Molti cibi umani, innocui o salutari per noi, sono pericolosi o tossici per il gatto, che ha un metabolismo diverso e un corpo piccolo. Cipolla, aglio, porro, scalogno ed erba cipollina possono danneggiare i globuli rossi e causare anemia, in ogni forma e anche nascosti in sughi e piatti pronti. Cioccolato e caffeina, di caffè, tè e bevande energetiche, sono sostanze che il gatto smaltisce a fatica, con possibili effetti su cuore e sistema nervoso. Uva e uvetta sono associate a possibili danni ai reni e vanno evitate del tutto. Il latte, pur non essendo un veleno, è mal digerito dal gatto adulto e può dare diarrea: è un falso mito, da archiviare. Da evitare anche alcol, molto pericoloso, dolcificanti artificiali, impasti lievitati, alcuni cibi crudi, ossi, sale in eccesso e avanzi elaborati. I sintomi di intossicazione, come vomito, diarrea, salivazione, debolezza, tremori, difficoltà respiratorie, gengive pallide, convulsioni o collasso, variano e non sempre sono immediati. La regola d’oro, in caso di ingestione, è contattare subito il veterinario o un centro antiveleni, senza aspettare i sintomi, senza indurre il vomito da soli e senza rimedi fai da te; utile riferire cosa e quanto è stato ingerito. La prevenzione, cioè tenere questi alimenti fuori dalla portata del gatto, resta la difesa migliore.

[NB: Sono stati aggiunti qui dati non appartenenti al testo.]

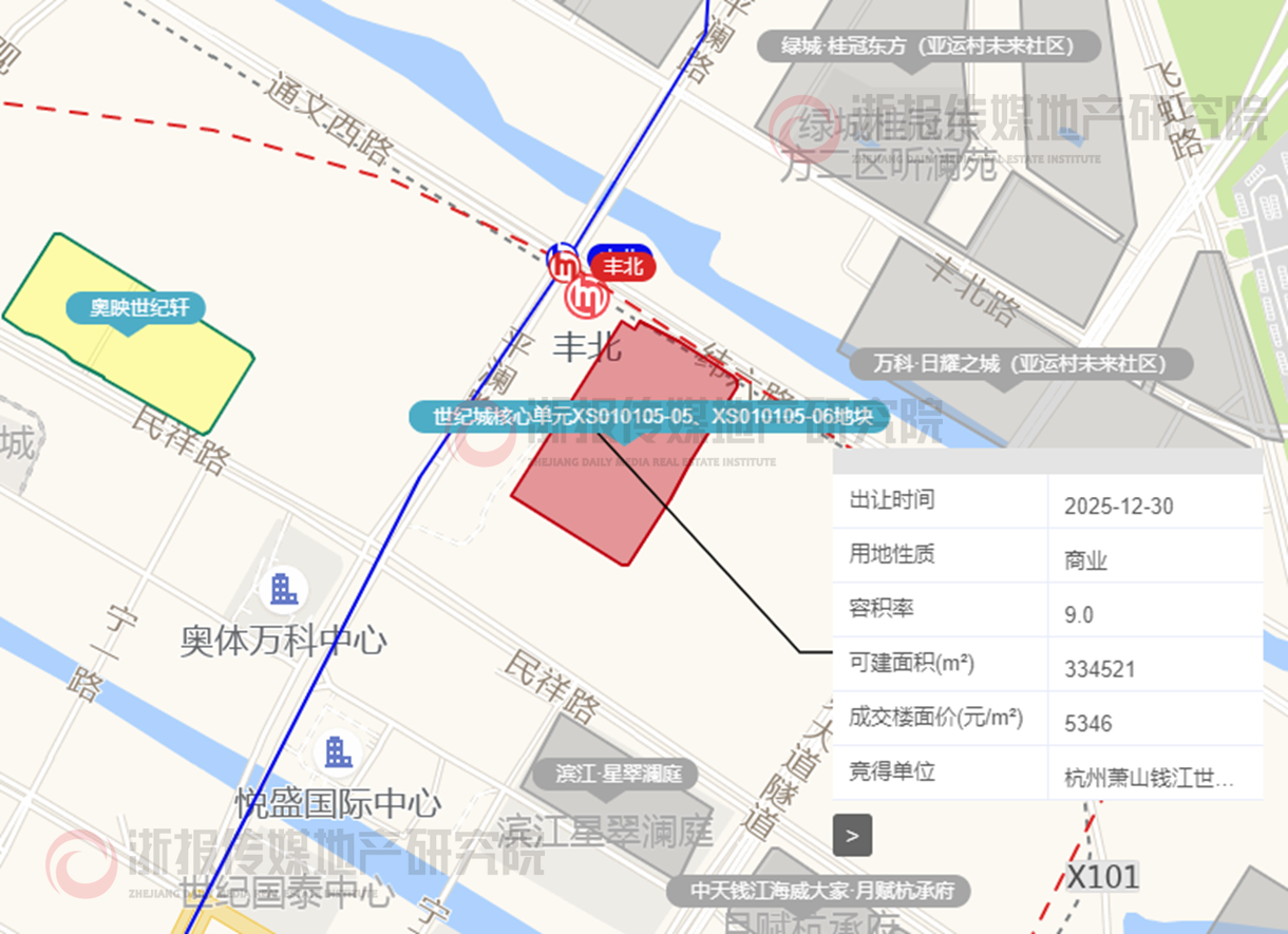 2025年12月30日,杭州世纪智启项目管理有限公司以总价178825万元底价竞得世纪城核心单元XS010105-05、XS010105-06地块,成交楼面价5346元/㎡,溢价率0.0%。

Questo contenuto ha carattere esclusivamente informativo e non sostituisce in alcun modo il parere del medico veterinario. L’elenco degli alimenti tossici o pericolosi qui riportato non è da considerarsi completo: esistono altri cibi e sostanze rischiosi per il gatto, e in caso di dubbio su un alimento è sempre bene chiedere al veterinario prima di offrirlo. Non esistono quantità “sicure” da dare per scontate: molti di questi alimenti possono essere dannosi anche in piccole quantità o con effetti che non compaiono subito. Se sospetti che il gatto abbia ingerito un alimento tossico, contatta immediatamente il medico veterinario o un centro antiveleni, senza attendere la comparsa dei sintomi: in caso di intossicazione il tempo è determinante. Non indurre il vomito di tua iniziativa e non somministrare rimedi casalinghi, integratori o farmaci per uso umano, perché possono aggravare la situazione; segui invece le indicazioni del veterinario, riferendo, se possibile, cosa e quanto il gatto ha ingerito. Attenzione anche alle piante e ad altre sostanze non alimentari tossiche per il gatto, come i gigli, molto pericolosi. La prevenzione, tenendo alimenti e sostanze tossiche fuori dalla portata del gatto, è la misura più importante. Per qualsiasi dubbio o emergenza, il riferimento è sempre il medico veterinario.